* **Problem requirements**
The answer should consist of the full listing below, repeated exactly and free of pictures.

* **Provided material**
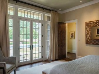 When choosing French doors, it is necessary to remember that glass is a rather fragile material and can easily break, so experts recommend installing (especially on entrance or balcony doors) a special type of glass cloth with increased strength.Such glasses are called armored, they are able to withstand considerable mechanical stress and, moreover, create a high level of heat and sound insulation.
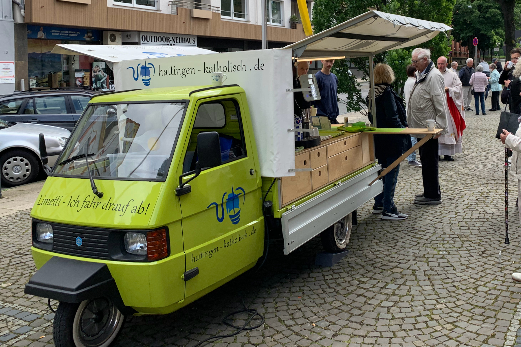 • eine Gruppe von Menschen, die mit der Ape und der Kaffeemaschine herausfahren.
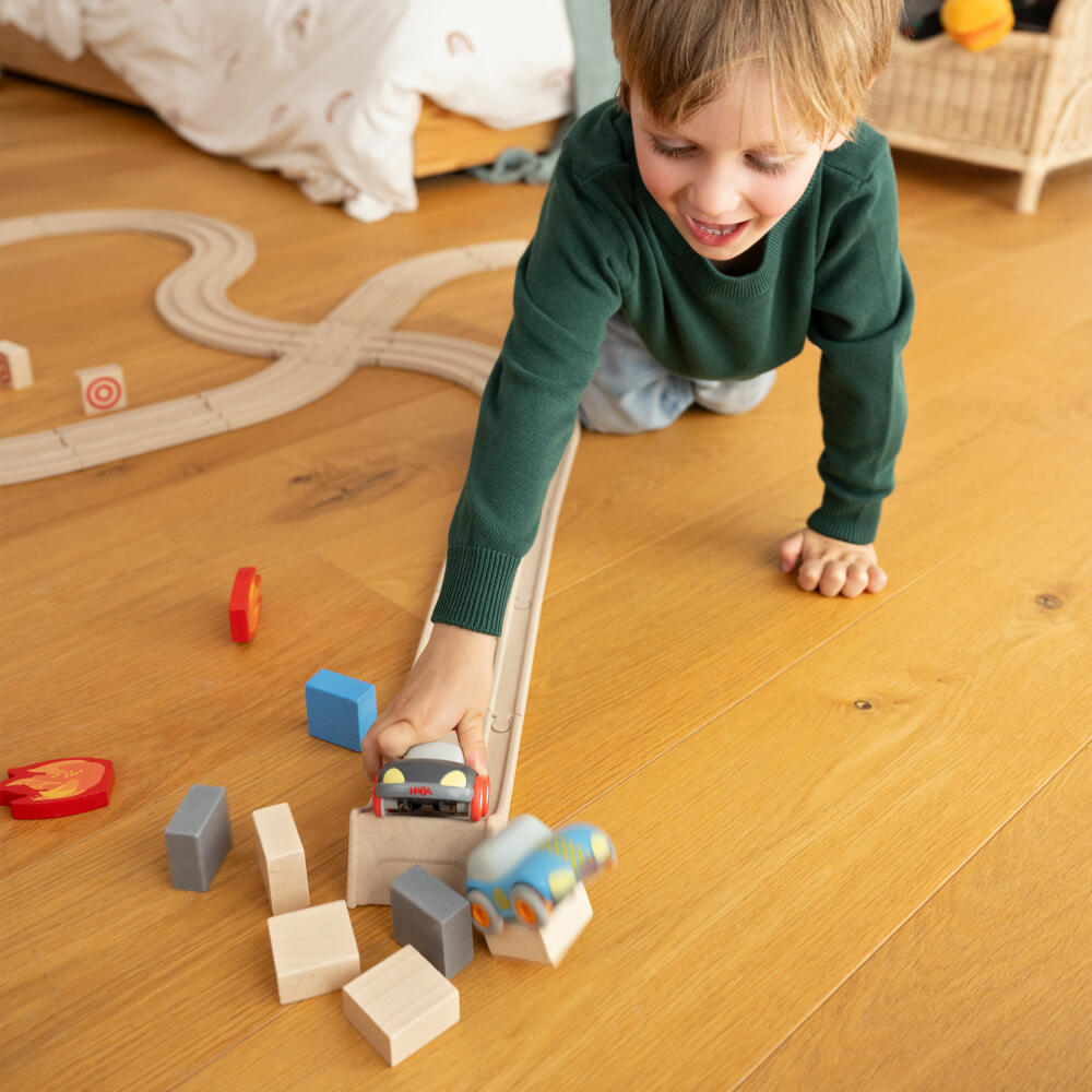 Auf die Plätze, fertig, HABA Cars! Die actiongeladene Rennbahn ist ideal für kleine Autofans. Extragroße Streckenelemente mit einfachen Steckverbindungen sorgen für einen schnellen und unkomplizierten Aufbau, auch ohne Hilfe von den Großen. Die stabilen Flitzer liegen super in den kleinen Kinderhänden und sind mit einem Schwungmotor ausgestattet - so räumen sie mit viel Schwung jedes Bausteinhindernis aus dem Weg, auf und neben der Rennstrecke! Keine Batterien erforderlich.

* **Solution for this problem**
 When choosing French doors, it is necessary to remember that glass is a rather fragile material and can easily break, so experts recommend installing (especially on entrance or balcony doors) a special type of glass cloth with increased strength.Such glasses are called armored, they are able to withstand considerable mechanical stress and, moreover, create a high level of heat and sound insulation.
 • eine Gruppe von Menschen, die mit der Ape und der Kaffeemaschine herausfahren.
 Auf die Plätze, fertig, HABA Cars! Die actiongeladene Rennbahn ist ideal für kleine Autofans. Extragroße Streckenelemente mit einfachen Steckverbindungen sorgen für einen schnellen und unkomplizierten Aufbau, auch ohne Hilfe von den Großen. Die stabilen Flitzer liegen super in den kleinen Kinderhänden und sind mit einem Schwungmotor ausgestattet - so räumen sie mit viel Schwung jedes Bausteinhindernis aus dem Weg, auf und neben der Rennstrecke! Keine Batterien erforderlich.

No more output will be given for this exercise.